Amerykanie coraz bardziej rozgoryczeni sytuacją w Iraku
Rośnie rozgoryczenie Amerykanów z powodu sytuacji w Iraku a także stanowiska Demokratów, którzy w listopadzie zeszłego roku zdobyli większość w Kongresie USA dzięki obietnicom zakończenia irackiej wojny - wynika z opublikowanego w Waszyngtonie sondażu.
05.06.2007 | aktual.: 05.06.2007 08:13
Według ankiety, przeprowadzonej wspólnie przez "Washington Post" i stację ABC News, tylko 39% respondentów zadeklarowało, iż popiera działania Kongresu - w kwietniu takie poparcie deklarowało 44%. Poparcie dla samych Demokratów spadło z 54% w kwietniowej ankiecie do 44% obecnie.
Poparcie dla prezydenta Busha zadeklarowało, podobnie jak w kwietniu, 35% ankietowanych.

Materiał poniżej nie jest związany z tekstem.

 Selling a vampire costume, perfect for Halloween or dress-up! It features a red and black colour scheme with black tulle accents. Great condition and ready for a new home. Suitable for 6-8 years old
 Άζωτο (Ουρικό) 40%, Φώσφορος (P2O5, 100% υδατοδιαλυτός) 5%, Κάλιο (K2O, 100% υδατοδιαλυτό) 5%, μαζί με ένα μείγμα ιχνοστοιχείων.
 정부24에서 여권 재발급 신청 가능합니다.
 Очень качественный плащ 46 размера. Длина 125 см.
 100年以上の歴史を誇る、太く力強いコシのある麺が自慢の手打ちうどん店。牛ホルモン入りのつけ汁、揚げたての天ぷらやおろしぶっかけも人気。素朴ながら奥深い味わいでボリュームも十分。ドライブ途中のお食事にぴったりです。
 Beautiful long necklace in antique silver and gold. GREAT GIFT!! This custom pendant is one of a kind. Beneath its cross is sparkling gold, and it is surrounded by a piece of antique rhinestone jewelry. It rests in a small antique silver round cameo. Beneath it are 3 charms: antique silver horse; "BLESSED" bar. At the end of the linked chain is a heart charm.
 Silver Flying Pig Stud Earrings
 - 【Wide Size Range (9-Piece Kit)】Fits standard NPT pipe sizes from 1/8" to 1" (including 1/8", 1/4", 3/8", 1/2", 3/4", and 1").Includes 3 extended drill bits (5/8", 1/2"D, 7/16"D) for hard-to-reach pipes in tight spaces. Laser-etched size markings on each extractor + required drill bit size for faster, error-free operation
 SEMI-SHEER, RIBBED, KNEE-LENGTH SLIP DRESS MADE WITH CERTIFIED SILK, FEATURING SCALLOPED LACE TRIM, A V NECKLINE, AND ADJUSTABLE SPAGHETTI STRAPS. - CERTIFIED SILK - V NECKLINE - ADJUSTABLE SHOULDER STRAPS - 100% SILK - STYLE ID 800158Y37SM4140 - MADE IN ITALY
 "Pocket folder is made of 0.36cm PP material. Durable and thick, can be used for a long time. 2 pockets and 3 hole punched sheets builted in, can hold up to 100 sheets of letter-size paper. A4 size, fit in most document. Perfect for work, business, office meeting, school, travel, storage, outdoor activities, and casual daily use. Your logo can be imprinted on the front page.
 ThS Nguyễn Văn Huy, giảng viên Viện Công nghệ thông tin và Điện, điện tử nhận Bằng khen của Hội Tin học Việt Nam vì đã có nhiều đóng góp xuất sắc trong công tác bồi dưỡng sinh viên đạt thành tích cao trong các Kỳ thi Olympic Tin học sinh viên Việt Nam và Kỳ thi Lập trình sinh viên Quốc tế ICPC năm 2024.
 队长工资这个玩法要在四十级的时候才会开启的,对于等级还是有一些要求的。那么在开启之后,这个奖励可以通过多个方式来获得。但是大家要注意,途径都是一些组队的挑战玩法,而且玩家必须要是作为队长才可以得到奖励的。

Aż 73% Amerykanów - wynika z sondażu - uważa, że kraj znalazł się obecnie na złej drodze, a 61% jest zdania, że nie warto było angażować się w wojnę w Iraku. Prawie dwie trzecie ankietowanych uważa także, że Stany Zjednoczone nie potrafiły doprowadzić do znaczącego postępu w kwestii przywracania ładu w Iraku.
55% ankietowanych sądzi, że liczba amerykańskich żołnierzy w Iraku winna być zredukowana - tylko 15% jednak opowiedziało się za natychmiastowym wycofaniem wojsk z tego kraju - pisze "Washington Post".
Sondaż został przeprowadzony telefonicznie wśród 1205 dorosłych Amerykanów 29 maja - margines błędu oceniono na plus/minus trzy punkty procentowe.